Briella mengangguk, ia tahu bahwa setiap informasi yang diberikan Geovani memiliki harga yang harus dibayar. Tapi melihat bukti fisik tentang bagaimana hidupnya dirampok, ia rela membayar berapa pun harganya. Laboratorium terlarang ini bukan lagi tempat yang menakutkan, melainkan sebuah rahim tempat lahirnya pembalasan dendamnya.
"Apakah Prilly tahu tentang keberadaan ruangan ini?" tanya Briella tiba-tiba.
"Dia bahkan tidak tahu bahwa suaminya adalah seorang dokter yang memiliki akses ke sisi paling gelap dari sains medis," Geovani tertawa kecil, suara tawa yang terdengar sangat hampa.
"Bagus. Biarkan dia tetap bodoh dalam kemewahannya yang mulai membusuk," sahut Briella sambil berjalan kembali menuju pintu keluar.
Geovani mematikan semua monitor dengan satu ketukan, menenggelamkan ruangan itu kembali ke dalam kegelapan yang sunyi. Mereka berjalan kembali menyusuri lorong panjang menuju kehangatan palsu di lantai atas mansion. Briella merasa beban di pundaknya sedikit terangkat, namun bebannya di hati justru semakin berat dengan fakta baru ini.
"Kau sudah melihat apa yang ingin kau lihat. Sekarang, kembalilah ke kamarmu dan bersiaplah untuk pelajaran anatomi berikutnya besok pagi," ucap Geovani saat mereka sampai di pintu rahasia rak buku.
"Aku akan siap, Dokter. Aku akan menjadi mahasiswi yang paling patuh sekaligus senjata yang paling mematikan untukmu," jawab Briella sebelum melangkah keluar.
Geovani menutup pintu rahasia itu, menyisakan dirinya sendirian di ruang kerja yang kini terasa lebih luas. Ia menatap telapak tangannya yang tadi sempat menyentuh rambut Briella, merasakan sisa-sisa energi dari gadis itu. Ia tahu, dengan bukti di drive terenkripsi itu, ia telah mengikat Briella selamanya dalam jaring laba-labanya.

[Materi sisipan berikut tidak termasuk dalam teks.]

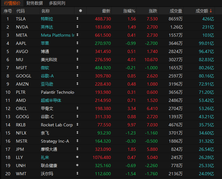 周一美股成交额第1名特斯拉收高1.56%,成交426亿美元。周一盘中,特斯拉股价一度上涨至498.83美元,创盘中历史新高。
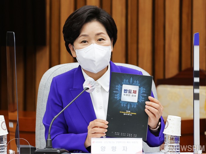 [서울=뉴스핌] 김민지 기자 = 양향자 반도체산업 경쟁력강화 특별위원회 위원장이 1일 오후 서울 여의도 국회에서 열린 반도체 산업 경쟁력 강화를 위한 당·정 정책협의회에서 활동 및 성과보고 홍보자료를 들고 설명을 하고 있다. (공동취재사진) 2022.08.01 kimkim@newspim.com
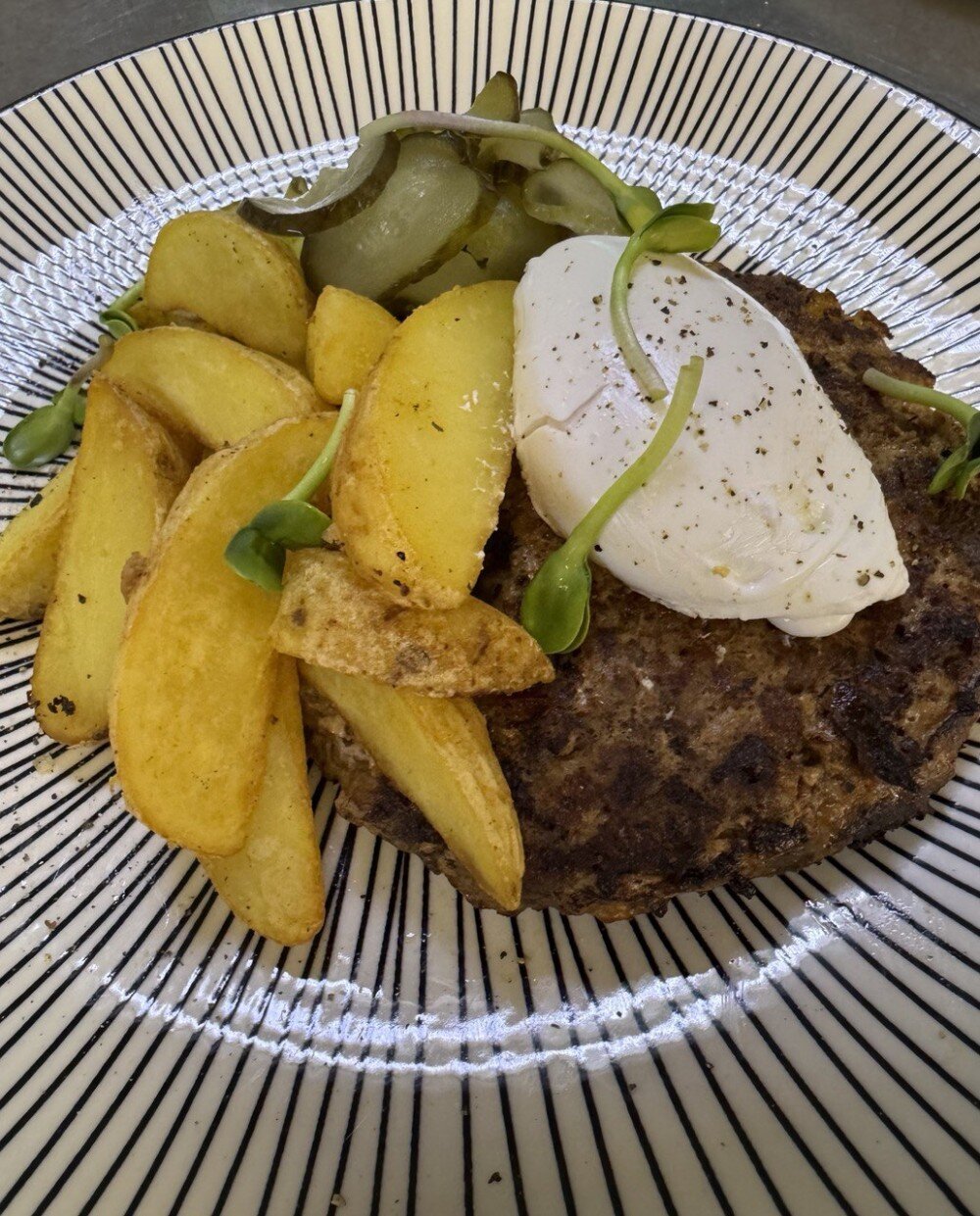Говяжья котлета с красным луком, болгарским перцем, помидорами, с сыром моцарелла и пряными специями в паре с яйцом пашот и картофельными дольками
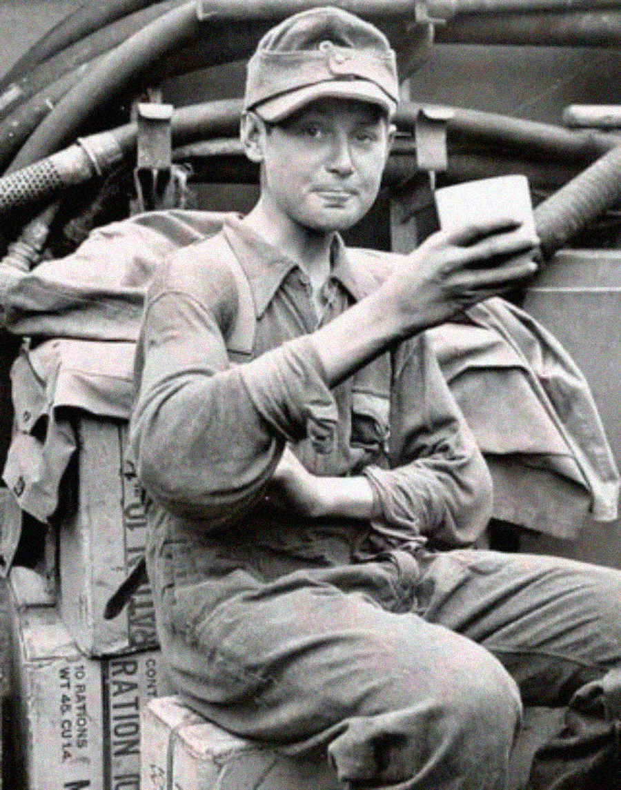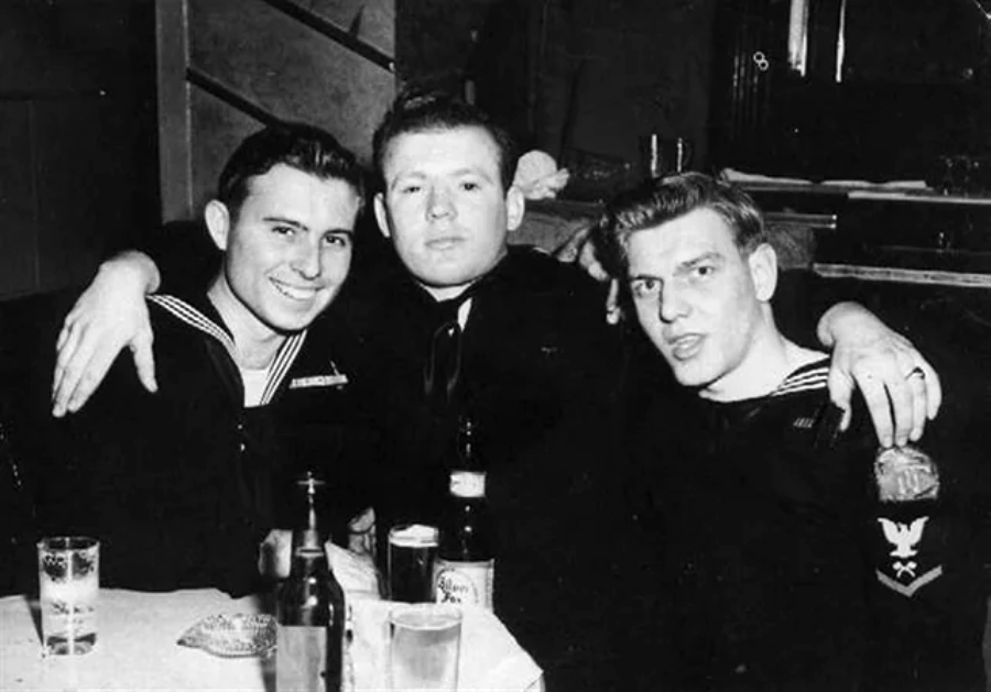 10. Three Sailors Share a Drink Before Going Ashore on Iwo Jima, 1944

Di dalam kamarnya, Briella berdiri di depan jendela besar, menatap cakrawala Etheria yang mulai meredup. Kebenaran tentang sabotase DNA ibunya berputar-putar di kepalanya seperti badai yang tidak kunjung reda. Ia mengepalkan tangannya, membayangkan wajah Ayah Prilly yang tertangkap kamera sedang mengkhianati keluarganya sendiri.
"Kalian pikir kalian bisa mengubur kebenaran di bawah tumpukan uang?" bisik Briella pada bayangannya di kaca.
"Tapi kalian lupa bahwa kebenaran adalah seperti benih. Semakin dalam kalian menguburnya, semakin kuat akarnya akan merusak fondasi rumah kalian," lanjutnya dengan senyum tipis yang penuh dendam.
Malam itu, Briella tertidur dengan bayangan laboratorium rahasia Geovani di benaknya. Ia tidak lagi bermimpi buruk tentang gudang bawah tanah yang kotor dan bau. Kini, mimpinya dipenuhi dengan layar-layar monitor yang menampilkan kehancuran total keluarga Adijaya di bawah kendalinya.
Hari esok akan menjadi awal dari serangan yang lebih pribadi, serangan yang akan menyentuh jantung pertahanan musuhnya. Briella sudah memiliki peluru yang paling mematikan, dan ia hanya menunggu aba-aba dari sang dokter untuk menarik pelatuknya. Laboratorium terlarang itu telah memberikan apa yang ia butuhkan untuk menjadi pemenang.